En la madrugada el Conde llegó extremadamente cansado a sus aposentos, así que una vez que comprobó que el hombre herido se encontraba estable, él solo se cambió de ropa a una más cómoda para dormir, se acostó a su lado y se dejó caer irremediablemente en las más profundas garras del sueño.

En la mañana posterior, Vincent despertó sin sentir el calor del otro hombre a su lado, y extrañado abrió los ojos con pereza.
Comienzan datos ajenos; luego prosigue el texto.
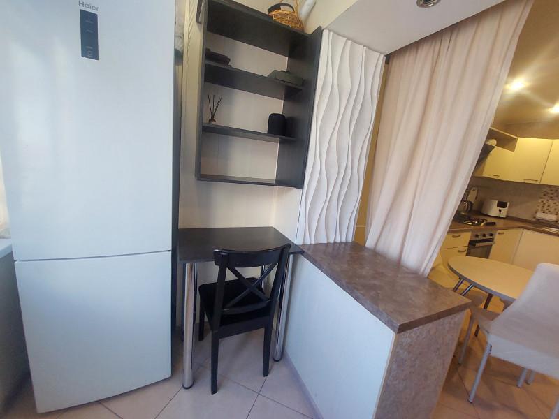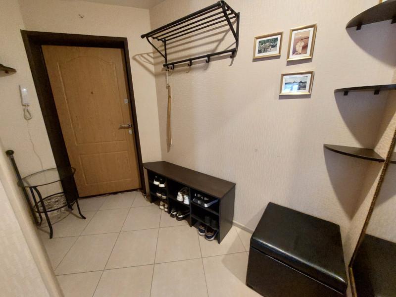 Продам 1 комнатную квартиру в современном жилом комплексе Велит. ЖК Велит относится к комфорт классу, все дома построены из красного кирпича, у каждого дома большая парковка, даже вернувшись поздно вечером, вы спокойно припаркуете свой автомобиль у дома. В шаговой доступности детские площадки, большая прогулочная аллея. Сама квартира очень светлая, теплая и уютная. Ремонт выполнен в светлых нейтральных тонах. В жилой комнате большое панорамное окно, "теплый" подоконник позволит организовать уютный уголок у окна, зона спальни отлично зонирована. Кухня просторная с выходом на теплую лоджию, на которой организован кабинет. При входе в квартиру тамбур на 2 квартиры. Просмотр по договорённости.
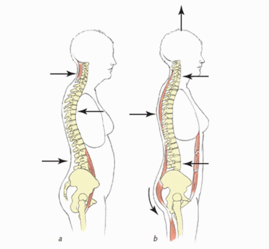 脊椎還有一種動作:軸向伸展(axial extension),同時減少了原發性和繼發性的弧度,也就是說,頸椎、胸椎、腰椎的弧度通通都減小了,造成的結果,就是整條脊椎一起拉長。
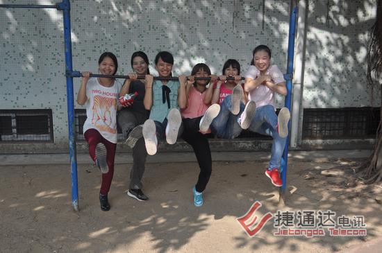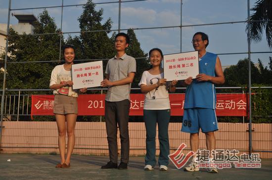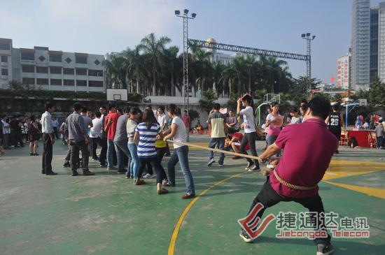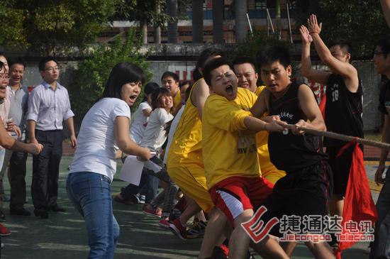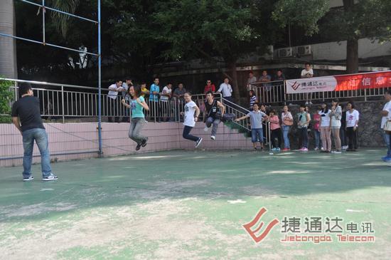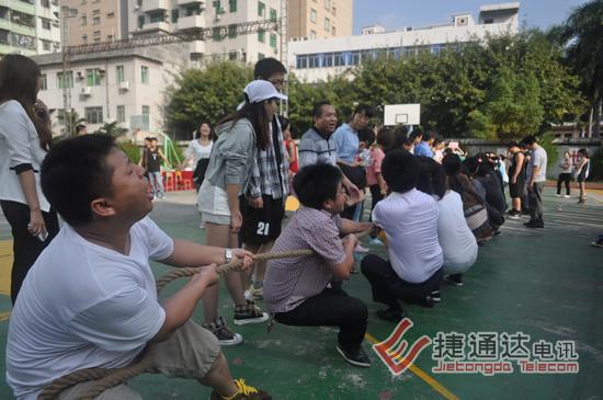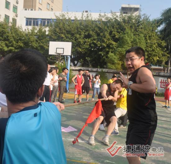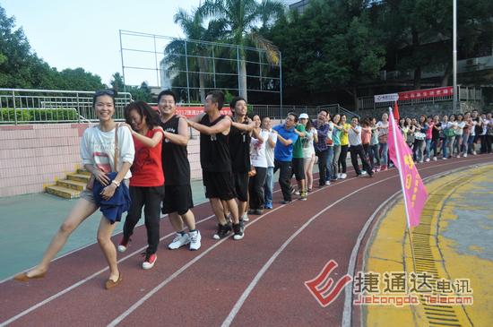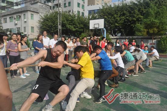 捷通达电讯有限公司后面的东晖学校运动场,彩旗飘飘,热闹非凡。2012年捷通达第一届秋季运动会在这里隆重召开。活动项目分为拔河、跳长绳、男子篮球等项目。其中,拔河和跳长绳按照之前的意愿,两个中心组成一个联队对抗,3局两胜制,最终会计连锁联队获得了拔河第一名,运营中心队获得了第二名。跳长绳第一、二名则被市场营销战略联队和运营中心队获得。这两个集体项目,前二名分别获得600、500元奖金。
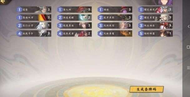 造价为橙卡1张(名门公子-非必须没有也不影响),红卡0,其他都是白卡紫卡之类。完全不用氪金或者抽什么必须卡。我从天位上圣位胜率有七成,也可能跟我遇到的对手都是新手吧?。大佬就当看个乐,我只是为萌新提供一个思路,不用非争什么。下面讲解卡组:
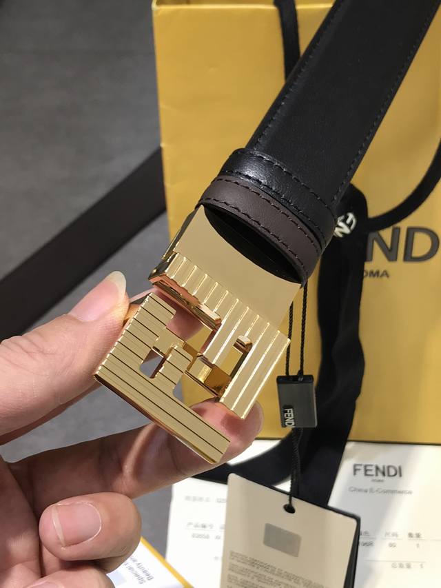 芬迪 宽35Mm,原单进口双面头层牛皮,搭配原单钌钯电镀f扣,手感.油边近乎完美,原产皮料定制,质感无可挑剔,出众的细节,高清实拍,货真价实,品质保证,非市场通货!

Soltó una exclamación cuando contempló que éste no estaba a su lado.

-¿¡Undertaker!?- se bajó de la cama de un brinco.

Miró a su alrededor aterrado por la preocupación, y luego al fijarse en que uno de los ventanales estaba abierto, se acercó a éste corriendo y se asomó exageradamente mirando exasperado hacia ambos lados y abajo, pero no encontró nada.
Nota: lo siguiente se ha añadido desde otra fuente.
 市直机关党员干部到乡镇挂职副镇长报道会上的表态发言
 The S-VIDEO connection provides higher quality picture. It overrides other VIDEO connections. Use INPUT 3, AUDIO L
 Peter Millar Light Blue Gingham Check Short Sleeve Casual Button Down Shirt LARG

Sintió una mano helada posarse en su hombro aún sobre la camisa que llevaba puesta.

El Conde se giró con los nervios a flor de piel, pues se había asustado al sentir tal tacto y se encontró con el presunto desaparecido, de pie, húmedo aún y con una toalla a cadera como única prenda.

-¡Undertaker!- exclamó Vincent con una amplia sonrisa en sus labios a la vez que abrazaba repentinamente a su ajeno.
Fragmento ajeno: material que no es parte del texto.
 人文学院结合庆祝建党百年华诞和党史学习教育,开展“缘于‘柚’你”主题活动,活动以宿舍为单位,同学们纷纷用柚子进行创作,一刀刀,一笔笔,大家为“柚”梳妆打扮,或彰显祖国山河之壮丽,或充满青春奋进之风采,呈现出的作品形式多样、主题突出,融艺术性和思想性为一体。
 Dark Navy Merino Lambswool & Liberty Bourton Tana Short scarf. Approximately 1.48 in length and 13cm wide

-''¿Eh? ¿Qué es lo que le pasa hoy?''- se preguntó el hombre de cabello gris mirándole y pasando un brazo alrededor de sus hombros.

Se mantuvieron unos segundos así hasta que Vincent reaccionó y se separó abruptamente con un leve rubor en sus mejillas. Miró detenidamente al hombre herido y apreció que ya no tenía las vendas en su pecho, y que ni siquiera portaba ninguno de los pequeños cortes que poseía anteriormente, pero la venda de su cuello aún se mantenía, haciéndole entender que esa brecha tardaría más en sanar.

Undertaker adelantó un paso hacia el Conde, y éste mismo retrocedió por acto reflejo pudiendo haber caído por el ventanal de no ser que el Dios de la Muerte fue más rápido y lo sostuvo raudo por su cintura pegandolo a su propio cuerpo.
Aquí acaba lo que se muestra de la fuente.